** DATA FOR THE TASK follows **

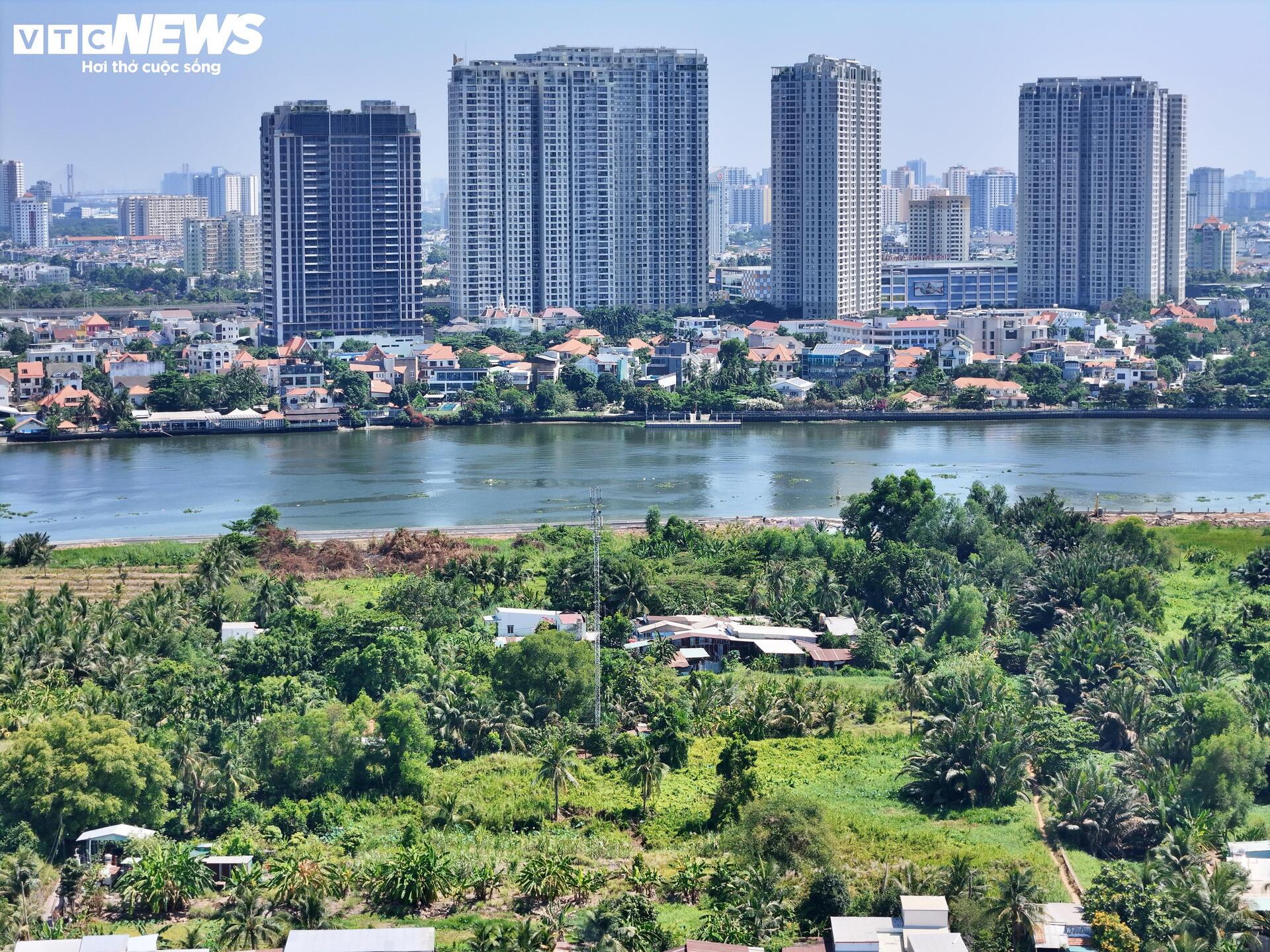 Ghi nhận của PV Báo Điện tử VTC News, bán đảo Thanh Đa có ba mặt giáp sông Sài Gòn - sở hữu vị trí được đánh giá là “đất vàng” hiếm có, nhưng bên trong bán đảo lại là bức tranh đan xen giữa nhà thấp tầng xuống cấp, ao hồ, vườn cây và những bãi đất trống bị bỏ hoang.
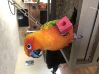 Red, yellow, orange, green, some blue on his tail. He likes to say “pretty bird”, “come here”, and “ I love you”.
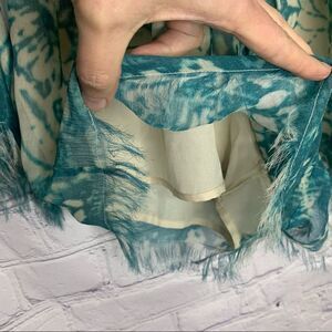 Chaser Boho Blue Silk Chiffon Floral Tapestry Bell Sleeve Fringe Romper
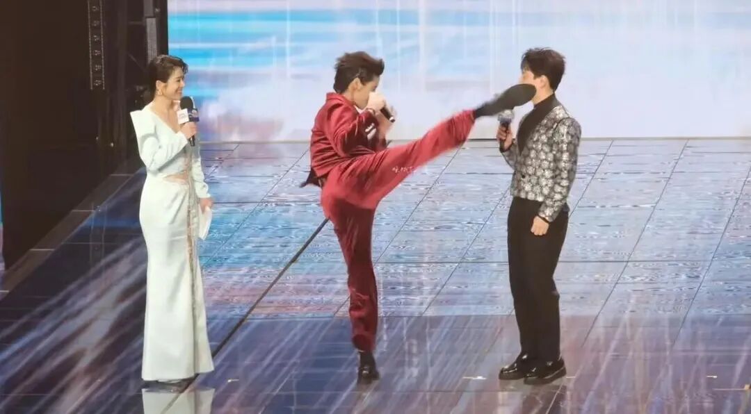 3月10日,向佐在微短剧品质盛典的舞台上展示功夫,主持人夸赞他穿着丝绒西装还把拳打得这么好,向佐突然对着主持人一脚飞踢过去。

** End of DATA FOR THE TASK **
** DATA FOR THE TASK follows **

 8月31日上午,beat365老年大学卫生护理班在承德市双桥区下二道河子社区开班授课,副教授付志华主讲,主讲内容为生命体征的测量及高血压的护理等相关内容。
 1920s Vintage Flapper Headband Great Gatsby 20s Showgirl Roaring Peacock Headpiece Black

** End of DATA FOR THE TASK **

> _TASK PROMPT_
When you reach the line containing "Chaser Boho Blue" in the entries above, begin restating word for word, and stop once the line containing "3月10日,向佐在微短剧品质" has been given. Omit the pictures.

> _WRITTEN ANSWER_
 Chaser Boho Blue Silk Chiffon Floral Tapestry Bell Sleeve Fringe Romper
 3月10日,向佐在微短剧品质盛典的舞台上展示功夫,主持人夸赞他穿着丝绒西装还把拳打得这么好,向佐突然对着主持人一脚飞踢过去。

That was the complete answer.